The 2024 Turbomachinery Exposition took place in London in late June with 2,700 attendees. They showed up in large numbers for the opening keynote about accelerating net-zero via innovation.
Tim Lieuwen, Executive Director, Georgia Institute of Technology, kicked off the keynote by giving a realistic view of the role of the gas turbine in achieving net-zero. He made it clear that a net-zero world without gas turbines would be much more expensive unless you sacrifice reliability.
There is no serious competitor to the gas turbine in aviation. But that is not the case in electric power due to intermittent wind and solar,” said Lieuwen. “The reliability expectations of net-zero are locked into role of gas turbines.”
He said there would not be a place for the gas turbine in a net-zero world if 80% reliability was acceptable. But, as he pointed out, no advanced society would ever accept 80% or even 90% reliability.
The least-cost net zero system looks very different when you consider reliability. The existing natural gas and energy delivery infrastructure, he added, is a successful and efficient way to store and move energy around.
“Fuels, including natural gas and renewable gases, will realistically comprise 50% of energy in a net zero society. “They are great storage and delivery mechanism,” said Lieuwen. “It will be less expensive to arrive at net zero if you include reliable, firm and dispatchable natural gas.”
He accepts that the role of gas turbines will diminish over time as a primary source of energy. But further roles are evolving. Regional markets like CAISO in California and PJM in the Northeast, for example, pay for natural gas capacity, even though unused. They need it to be available should wind or solar resources fall off rapidly.
He was followed by Verena Klapdor, Senior VP of Siemens Energy, who also talked about affordability and reliability and how they must balance sustainability initiatives. Renewables are not there all the time, she said, and natural gas generation provides backup,
As an extreme example. North America recently lost 60 GW of solar power during a solar eclipse that lasted less than five minutes. A more everyday example, from the UK, involved 18 GW of renewable energy disappearing at certain times of the day; 20 GW of gas generation is available to handle such shortfalls.
“Innovation in gas turbines can help to accelerate the energy transition while balancing reliability, sustainability, and affordability,” said Klapdor.
The following day’s keynote attempted to address real-world achievements towards net-zero in propulsion and power.
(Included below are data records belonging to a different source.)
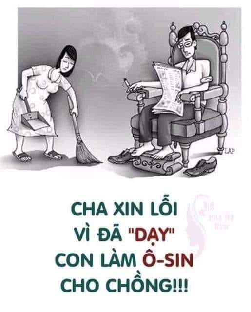Con gái, cha xin lỗi vì sau một ngày cùng làm việc vất vả như nhau ở ngoài đồng, cha đã cho phép mình được ngồi chơi nhàn nhã và xem chuyện mẹ con một mình tất bật với việc nhà là chuyện hiển nhiên. Chính cha đã “dạy” con rằng chồng có quyền hưởng thụ, còn vợ có nghĩa vụ phục vụ chồng.
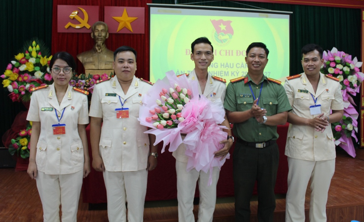Ban Thanh niên Công an thành phố tặng hoa Ban Chấp hành Chi đoàn Phòng Hậu cần nhiệm kỳ 2025 – 2027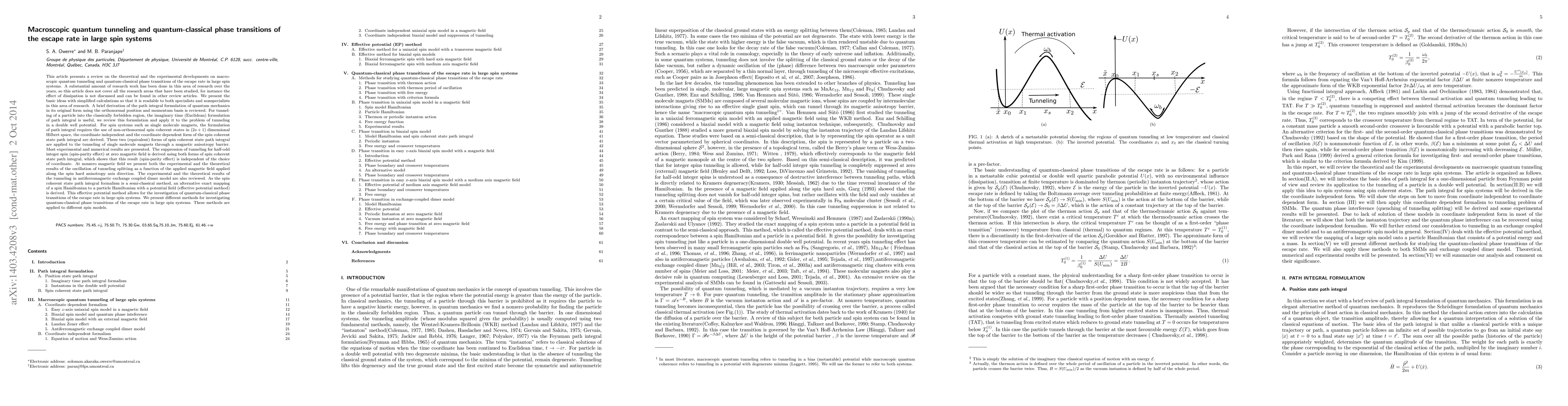 Researchers review the study of macroscopic quantum tunneling in large spin systems, revealing the suppression of tunneling for half-odd integer spins at zero magnetic field and oscillations of tunneling splitting with applied magnetic fields.

Seiichi Ibaraki, General Manager, Research & Innovation Center, Mitsubishi Heavy Industries, said his company plans to cut CO2 emissions in half by 2030 and eliminate them altogether by 2040.
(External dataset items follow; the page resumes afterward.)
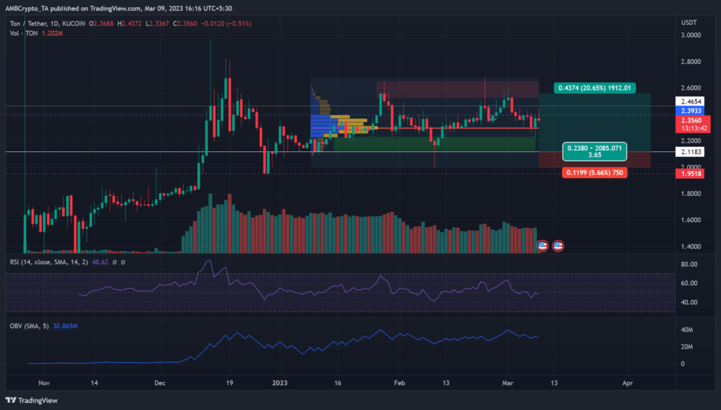 Since the end of January, The Open Network’s TON, has consolidated in the $2.2 – $2.6 range. At press time, its price action had retested a key value area that could induce the market to a recovery. However, a pullback retest on this key value area could offer new buying opportunities and extra gains if overall market sentiment improves.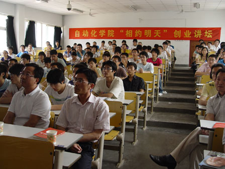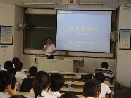 下午一点,报告会正式开始。首先,院长王培山对隋总裁做了简单的介绍。院长对隋总裁在商界、政界及学界的身份和影响力做了详细的说明,并高度评价了总裁在创业二十年中所取得的成就。之后,在热烈的掌声中,隋总裁走上讲台,开始他的精彩讲述。演讲分为“创业历程“和”“感悟人生”两个篇章,隋总裁先对自己人生的大致轨迹做了简单地概括——他是铸造专业出身,三十八岁辞职创业,已经走过二十年风风雨雨的创业历程。然后,隋总裁对自己创业的三个阶段进行了详细讲述。创业分为创业孕育和起步阶段、创业成长阶段和创业发展阶段三个阶段。创业起步阶段,他在社会的大纲中选择了自己所熟悉的产业USP,靠请进嫁接产品,让自己的企业在市场中站住脚;创业成长阶段,他让自己的企业蹲着成长,不和大企业正面竞争,从没有自我中缓慢的拥有自我;创业发展阶段,他作为一个老板,逐渐学会做人,学会带人,学会整合,学会观天,不断地调整企业的坐标,让自己的企业做大做强。接着,隋总裁与大家分享了自己的人生感悟。隋总裁提出“要先立家后立业,创业需要时间,需要“你我他”,他警告大学生刚毕业不要急着创业,要先在社会中磨练一番。他又用时间为横坐标,成长为纵坐标,在黑板上用阶梯状的图形象地比喻了人生成长的阶段,他讲到,“人在成长中需要有贵人的相助才断不断地攀登人生的台阶”。最后,副院长肖强对报告会做了简单的总结,他高度评价了隋总裁的演讲,指出他的演讲对我们今后的成人成才必将有深远意义。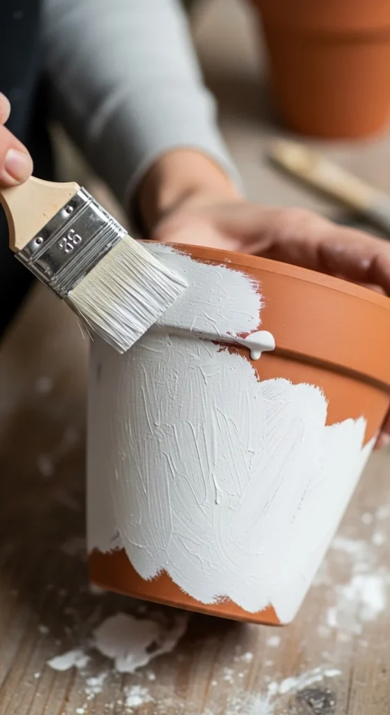 If the pot is glossy, lightly sand it first so paint sticks better.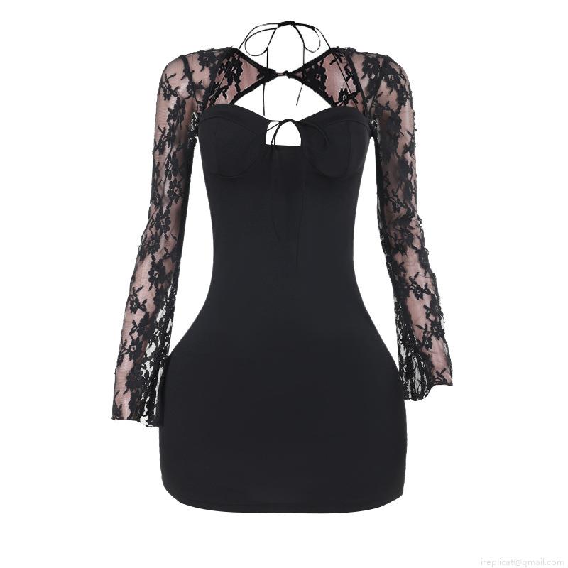 Women Sexy Lace Long Sleeve Bodycon Mini Dress Backless Criss Cross Tie Up Halter Neck Slim Fit Party Night Club Evening Dress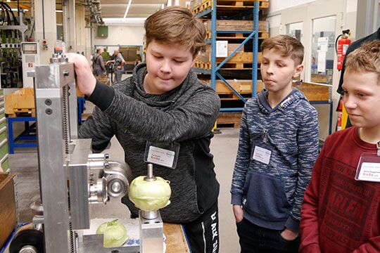 Nach einem Betriebsrundgang, geleitet von den Azubis, ging es zur Wilhelm-Kaisen-Schule zum gemeinsamen Mittagessen. Anschließend wurde die Ausbildungswerkstatt besucht, in der die Kids selber praktische Erfahrungen sammeln konnten. Wer weiß – möglicherweise ist einer von ihnen später selber als Azubi in der Ausbildungswerkstatt.

The company’s plan of action is built on three pillars:
- Decarbonizing the existing infrastructure
- Building a new hydrogen ecosystem
- Building a CO2 ecosystem.
He believes that gas turbines, boilers, and engines can eventually run on hydrogen and ammonia to bring gas turbines to net zero by 2030. Carbon capture will also play a role with MHI using the KM CDR process. “A key part of achieving these goals is connecting physical machines with digital technology,” said Ibaraki.
Mathias Andriamisaina, Head of Hydrogen Demonstrators at Airbus, outlined similar plans for aviation. The roadmap to hydrogen flight, though, is longer.
First, the company plans to use 100% sustainable aviation fuel (SAF) on commercial aircraft by 2030 and, by 2035, be the first major airplane manufacturer to offer hydrogen-powered commercial aircraft.
Complete decarbonization lies in the 2050 timeframe. “We are looking at cryogenic liquid hydrogen storage for most of our new aircraft, as well as designs for electric aircraft,” said Andriamisaina.